Multistate models are an important statistical tool to understand disease trajectories and can provide clinically important measures of effect and effect differences(1). Multistate models can be used to describe patterns of multimorbidity using large-scale electronic health records and, through quantification of utilities associated with disease states (e.g. quality of life measures), the individual burden of multimorbidity can be estimated. Nevertheless, there are numerous computational and analytical challenges in this framework, with multiple comorbidities and disease pathways making multistate modelling demanding without model simplification.
This studentship will develop methods for multistate modelling in multimorbidity research, which will lead to:
- innovation in trajectory modelling and clustering of multimorbidity pathways.
- methodological advances that underpin new data science developments in large-scale longitudinal linked electronic health records, as being curated in the Health Data Research Hubs.
The project will consider two important aspects in the developments of multistate models in multimorbidity research. Firstly, the development of models for complex disease trajectories, including approaches to relax the Markov assumption, including multiple time-scales in derivation of rates and incorporation of recurrent events. Secondly, the project will investigate efficient post-estimation simulation-based techniques to estimate clinically useful measures of effects and effect differences, such as disability- or quality-adjusted life-years and their contrasts. These measures are commonly calculated in health technology assessments using Discrete Event Simulation (DES) of multistate models (2). Variance reduction techniques such as cloning and antithetic sampling will be investigated to allow efficient estimation of incremental effects between two or more groups of interest.
These techniques will be applied to the investigation of cardiovascular and non-cardiovascular outcomes following a cancer diagnosis, utilising national data from the Virtual Cardio-Oncology Research Initiative (VICORI) (3). The student will develop user-friendly open-source software to encourage reproducible research and enable the methods to be utilized across health data research.
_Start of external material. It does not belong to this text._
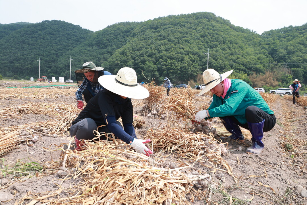 이번 일손 돕기에서는 양파·마늘 21개 농가(5.1ha)에 440여 명의 인력이 투입돼 수확에 구슬땀을 흘렸다.

1. Crowther MJ, Lambert PC. Parametric multistate survival models: Flexible modelling allowing transition-specific distributions with application to estimating clinically useful measures of effect differences. Stat Med. 2017 Dec 20;36(29):4719–42.
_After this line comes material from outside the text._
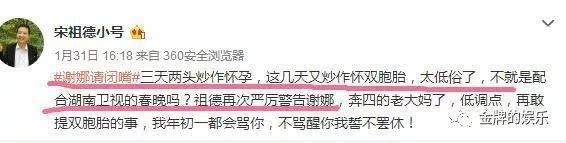 而這其中,宋祖德的話,估計(jì)也代表了一些聲音,在這幾天的微博上,宋祖德就直言,謝娜三番兩次的炒作雙胞胎的消息,最終的目的是要配合湖南衛(wèi)視的春晚。

2. Davis S, Stevenson M, Tappenden P, Wailoo A. NICE DSU Technical Support Document 15: Cost-effectiveness modelling using patient-level simulation. 2014 Apr;62.
3. Sweeting MJ, Oliver-Williams C, Teece L, Welch CA, De Belder MA, Coles B, et al. Data Resource Profile: The Virtual Cardio-Oncology Research Initiative (VICORI) linking national English cancer registration and cardiovascular audits. International Journal of Epidemiology. Accepted for publication.